I lose track of what's happening on the board (school!!!) for a day and I am already mentioned twice in one post! OK, back to the topic. I love my new sport seats. Two things: side bolsters and thigh support. I think this makes the world of difference and it just fits me so much better. I have yet to try them on some long distance trip. Having said that I can understand where you are coming from. Non sports are actually very comfortable (except for being too short for my legs) on long trips. No back pains and I do have my share of lower back problems. They seem to preserve more of an upright, "pushed out" (I don't know how to explain it better) position. In sport seats you seem to fall in more and because of the side bolsters around your back and thighs there is less room. They "seem" smaller. Head rests in sport seats are softer. The lumbar support travel (up, down, front) seems to be for some reason longer in non sport. I don't know if this is really the case of just my illusion because of this "falling into" effect of sports. I don't think so though. Overall non sports are very comfortable seats but do not provide enough lateral support for my driving (read: my fat a** was constantly sliding left and right). Mine are black leather and are still for sale. Installation of new seats is pretty much a plug and play operation.

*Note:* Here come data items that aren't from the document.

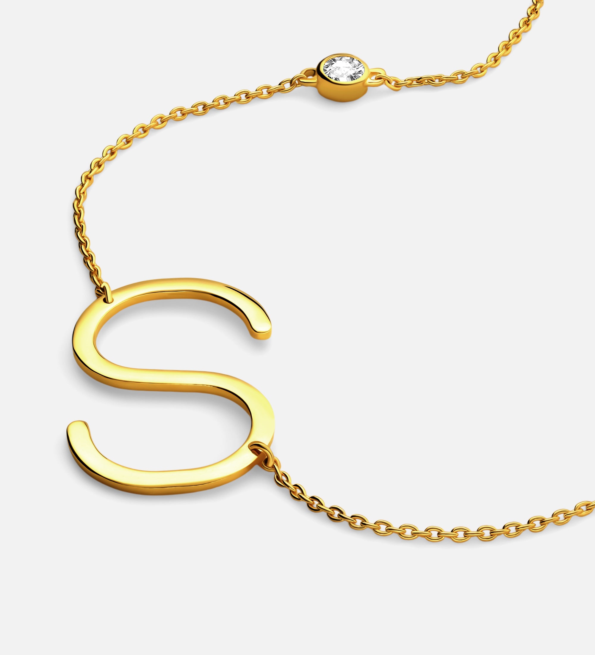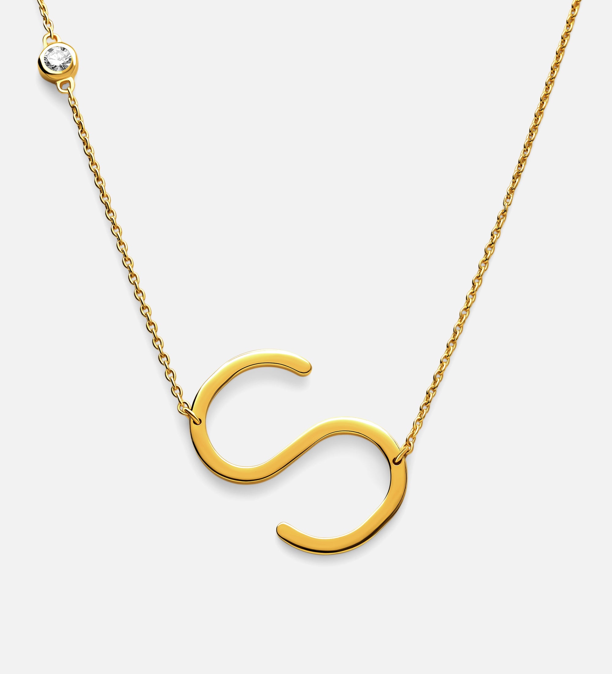Large Initial Necklace With Diamond - 18K Gold Vermeil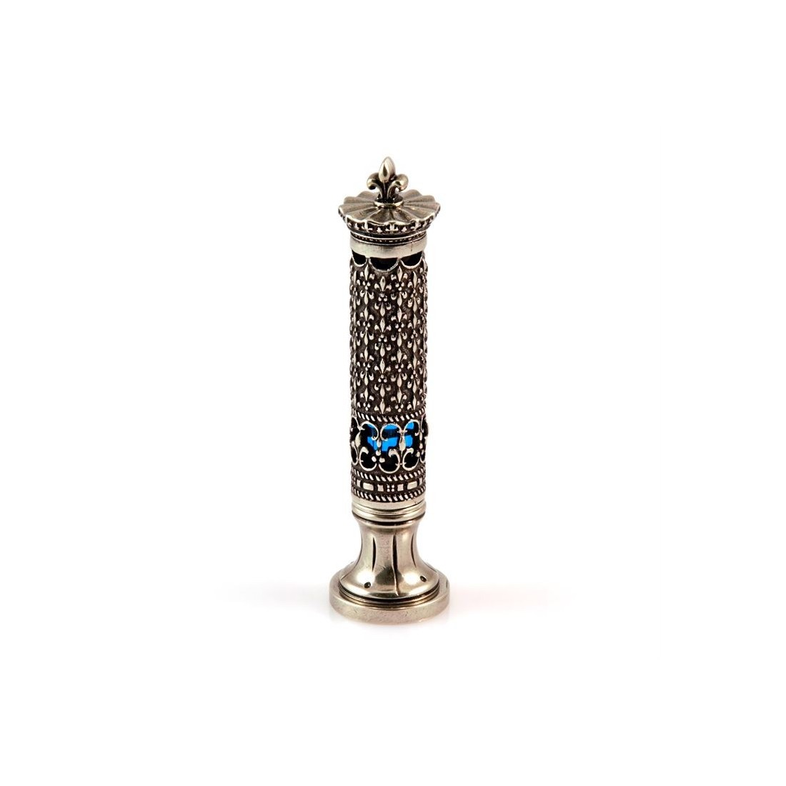 Sello de sello de cera de Corona - Bronce plateado de níquel-plata y vidrio azul
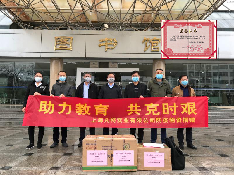 同年2月份,在全國防疫物資緊缺,假冒偽劣口罩泛濫之際,我司在了解到廣西師范大學的復(fù)學復(fù)工情況后,向廣西師范大學后勤保障服務(wù)無償捐贈5000個醫(yī)用口罩等防疫物資,助力其開展復(fù)學復(fù)工及疫情防控工作。樹榜樣、重教育,學習前輩身上不怕苦難、盡職盡責、熱愛人民、熱愛祖國的寶貴品質(zhì),社會才會更好,生活才會更好,上海凡特愿做一個堅實的后盾,與其共克時艱!

You can actually sell yours and make some money on this operation (unlike me )


----------



## AF (Dec 21, 2001)

Cliff330i said:


> *guys, thanks for some ideas. By the way Alan F., I am from Manhasset. Maybe we live close. I will consider contacting Michael330. Thanks again all! If anyone gets any other bright ideas, please let me know!! -Cliff *


Cliff, I'm from Melville . . . Did you get your car at Rallye ?

I bought it there and they have a great service advisor named Ray.

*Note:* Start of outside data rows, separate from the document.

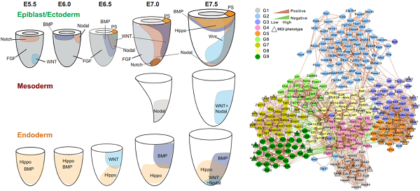图3. 胚层关键信号作用区域及关键转录因子调控网络绘制了小鼠胚胎E5.5-E7.5时期外、中、内三胚层的关键信号通路作用区域;不同颜色代表不同组的转录因子;棕色连接线代表正相关,绿色连接线代表负相关,连接线的粗细代表相关程度;MGI数据库中敲除小鼠表型与原肠运动异常的标注为三角符号。本研究主要由中国科学院分子细胞科学卓越创新中心/生物化学与细胞生物学研究所景乃禾课题组、中国科学院-马普学会计算生物学伙伴研究所韩敬东课题组与中国科学院广州生物医药与健康研究院彭广敦课题组共同合作完成,中国科学院广州生物医药与健康研究院彭广敦研究员、中科院马普计算生物研究所索生宝博士、生物化学与细胞生物学研究所的崔桂忠博士和禹方博士为该论文的共同第一作者,景乃禾研究员、韩敬东研究员和彭广敦研究员为该论文的共同通讯作者。该工作得到了中国科学院动物研究所周琪研究员、悉尼大学Patrick P.L. Tam教授、生化与细胞所化学生物学技术平台、高性能计算存储与网络服务平台和动物实验技术平台的大力支持。这项工作得到了中国科学院战略性先导科技专项、国家重点研发计划、国家自然科学基金委员会、广东省科学技术基金、广州再生医学与健康广东省实验室前沿探索项目、上海市自然科学基金和上海市科学技术委员会的资助。Reference:1. Aibar, S., Gonzalez-Blas, C.B., Moerman, T., Huynh-Thu, V.A., Imrichova, H., Hulselmans, G., Rambow, F., Marine, J.C., Geurts, P., Aerts, J., et al. (2017). SCENIC: single-cell regulatory network inference and clustering. Nature methods.2. Cao, J., Spielmann, M., Qiu, X., Huang, X., Ibrahim, D.M., Hill, A.J., Zhang, F., Mundlos, S., Christiansen, L., Steemers, F.J., et al. (2019). The single-cell transcriptional landscape of mammalian organogenesis. Nature.3. Chan, M.M., Smith, Z.D., Grosswendt, S., Kretzmer, H., Norman, T.M., Adamson, B., Jost, M., Quinn, J.J., Yang, D., Jones, M.G., et al. (2019). Molecular recording of mammalian embryogenesis. Nature.4. Chen, J., Suo, S., Tam, P.P., Han, J.J., Peng, G., and Jing, N. (2017). Spatial transcriptomic analysis of cryosectioned tissue samples with Geo-seq. Nature protocols 12, 566-580.5. Nowotschin, S., Setty, M., Kuo, Y.Y., Liu, V., Garg, V., Sharma, R., Simon, C.S., Saiz, N., Gardner, R., Boutet, S.C., et al. (2019). The emergent landscape of the mouse gut endoderm at single-cell resolution. Nature.6. Peng, G., Suo, S., Chen, J., Chen, W., Liu, C., Yu, F., Wang, R., Chen, S., Sun, N., Cui, G., et al. (2016). Spatial Transcriptome for the Molecular Annotation of Lineage Fates and Cell Identity in Mid-gastrula Mouse Embryo. Developmental cell 36, 681-697.7. Pijuan-Sala, B., Griffiths, J.A., Guibentif, C., Hiscock, T.W., Jawaid, W., Calero-Nieto, F.J., Mulas, C., Ibarra-Soria, X., Tyser, R.C.V., Ho, D.L.L., et al. (2019). A single-cell molecular map of mouse gastrulation and early organogenesis. Nature.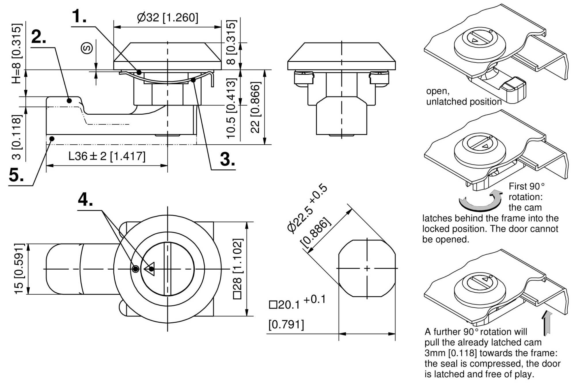 Quart de tour à compression pour découpe 20.1, très compact et installation sans outil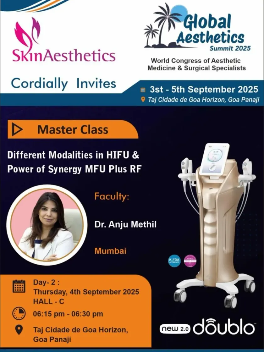 I believe in constantly learning and sharing knowledge. I am honored to be a trainer and panelist at national and international conferences, where I conduct workshops for other dermatologists on advanced techniques like fillers, threads, and exosome therapy.

Maybe you should work out a deal with Michael for his seats !!


----------



## Cliff330i (Feb 18, 2002)

Alan F, I did get my car from Rallye. I also know Ray Z. He is an awsome service advisor and always takes care of me. Although, I am not very pleased with the work they do over there. In addition, I had my sunglasses stolen from my car as well as all the change I keep in that holder below the arm rest. I know I should take my valuables out but do they really need to steel my quarters? take care, Cliff


----------



## Cliff330i (Feb 18, 2002)

*once last thing..*

Guys, sorry to bring this back up but do any of you have experience with having an upholsterer put more cushion in a car seat? I looked under my sport seats and found alot of space to put more cushion in ass area to boost me up. How expensive? Should I just take the seat out and do it myself? I would feel nervous doing such a thing. Any words are appreciated. THANKS! -Cliff


----------



## AF (Dec 21, 2001)

*Re: once last thing..*



Cliff330i said:


> *Guys, sorry to bring this back up but do any of you have experience with having an upholsterer put more cushion in a car seat? I looked under my sport seats and found alot of space to put more cushion in ass area to boost me up. How expensive? Should I just take the seat out and do it myself? I would feel nervous doing such a thing. Any words are appreciated. THANKS! -Cliff *


I would check with a dealer that is experienced in switching fabric seats to leather and find out who they use to do the work.

My friend just bought a Maxima and he had his seat changed from the dealer (Legend Nissan). Maybe you cold igve them a call and find out who they use.

Also you could check with the BMWCCA and find out who they recommend.

Another possiblity is to just check the phone book under upholsterer and call around until you find one that either does automobiles or could recommend someone who does them.


----------